# Reline 925 or Specialized Langster???



## GFocker (May 12, 2003)

I'm considering either of these for my first ss. Any of your thoughts or opinions are appreciated. Thanks.


----------



## blackhat (Jan 2, 2003)

*what are you going to use it for?*

they're fairly different bikes, at least in terms of setup. the redline appears as if it would be a good commuter or city bike(fenders/tire clearance/bars), the langster appears to be more like all the other ss/fixed factory bikes out there-a good ss trainer or with the addition of a track cog, a track bike. that said I havent ridden or seen either in person, just online. if youre just buying a bike to play on in the street, the redlines the way to go imho.


----------



## climbandcycle (Nov 4, 2004)

*I own a langster, and have seen/ridden 925*

I really like my langster. I was not that impressed with the redline. I don't really have a lot of bad things to say about it my langster. It's light (for the price), pretty comfortable (I've done a 60+ mile ride without feeeling like the bike was a problem), and It looks pretty nice too (subjective, I've got a carbon track fork which helps). However, the stock fork is a boat anchor and a jackhammer, the saddle is a brick wrapped in wet card board, and the wheels are alexrims. But that's just if your being picky, it's usually just a lot of fun to ride The redline feels much heavier, sluggish (geometry), and it seems like it's trying to have "the uncool" factor built in, like it's trying way to hard. I guess it's a little like those bikes that use 650B just to give grouchy, bored men something to argue about, and feel like they belong to a club. If you really want moustache bars, fender eyelettes, relaxed geometry, and nicer steel tubing then go with a high end steel roadbike conversion with all the above mentioned parts. It may even be cheaper to go the last option if that's what you want. 

In summary, decide which style bike you want: track or commuter and if you don't want the track-like stripped down langster - buy a conversion and be much better off. I'm sure a lot of people really like their redlines, so no offense is meant- it does everything it's supposed to, and it's remarkably affordable @ ~$500..


----------



## GFocker (May 12, 2003)

*My thoughts pretty much are the same as yours.*

I am a bit concerned with the wheels (what do you expect for the price) and overall comfort of the Langster, but don't need a full on commuter like the Redline. How have the stock wheels held up (as I do not want to spend money on upgrades)?


----------



## climbandcycle (Nov 4, 2004)

*Update*

The wheels aren't all bad, I'm still using them. I can't really estimate my mileage accurately, 2500+? 2500 miles of mostly commuting on rougher roads. I haven't really had any real issues with the wheels besides that they are on the heavy side and aren't really as stout as they should be at their weight. I'm about 185lbs and they have stood up rather well for rolling over potholes, but I would expect them to not need to be trued again, since they were trued when I bought the bike. Oh, and there is a small hop (<1mm) in the rear rim from going off a curb rather roughly. I may be able to get that to even out through truing. I can't think of anything wrong with the hubs, though, I may buy some new hoops and rebuild them. They are still smooth and I commute throughout the winter.


----------



## bahueh (May 11, 2004)

*600 miles on a Langster in two months..*



GFocker said:


> I'm considering either of these for my first ss. Any of your thoughts or opinions are appreciated. Thanks.

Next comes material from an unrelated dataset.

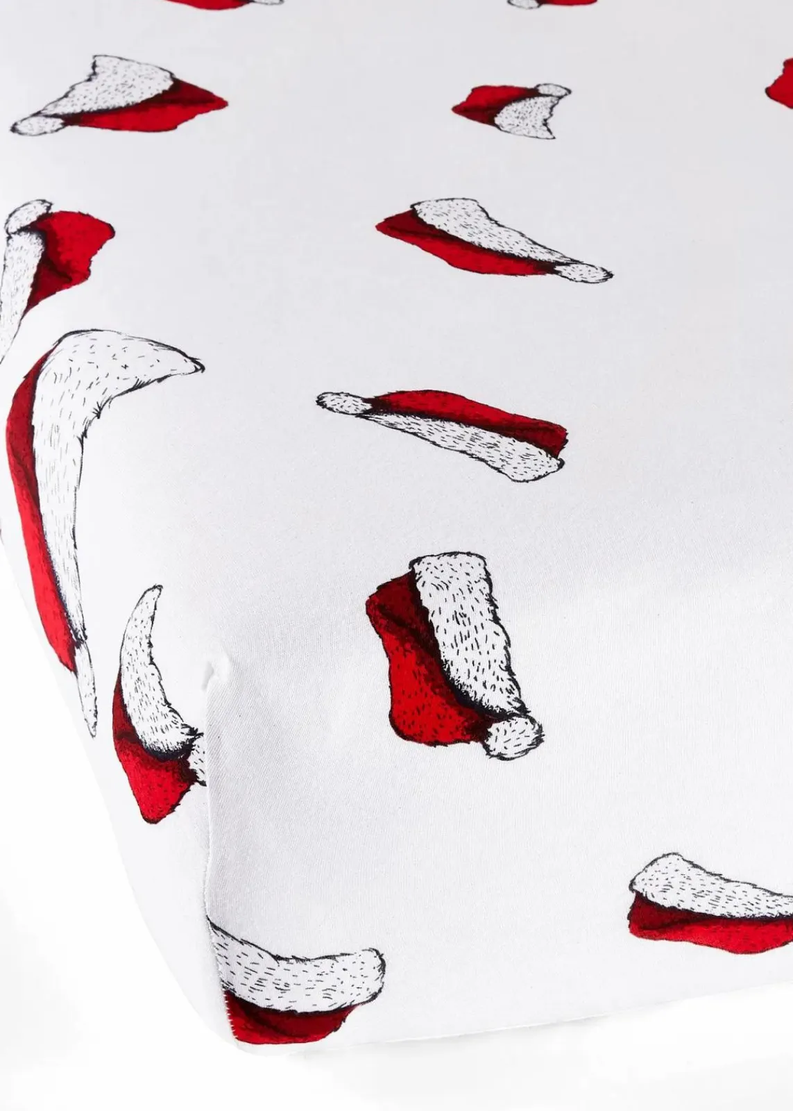 Pflegeleichte Jersey Qualitätslaken mit bedruckten Weihnachtsmützen.

and there have been some issues I'd be remiss not to pass along. the freewheel is crap. I've blown through two of them in a short period with intermittent rides in the rain. The alex rims dont set the rubber very well so be careful if you're changing flats or whatever as the tire has a tendency to separate around the stem (may be user error, but I don't think so). The specialized tires are not good quality...several cuts in the first few weeks on average pavement (could be coincidence but hasn't happened to Michelins or Conti's). 
The gear ratio on the Langster stock is 48:16 which is fine on flats, but will knock your BA*&S on any incline...so expect an instant purchase of an 18 or 19 cog in back or a smaller chainring. The langster frame is good, very stiff and I've been happy with it. The Alex wheelset are boat anchors for the most part, but hey it was only 400$. 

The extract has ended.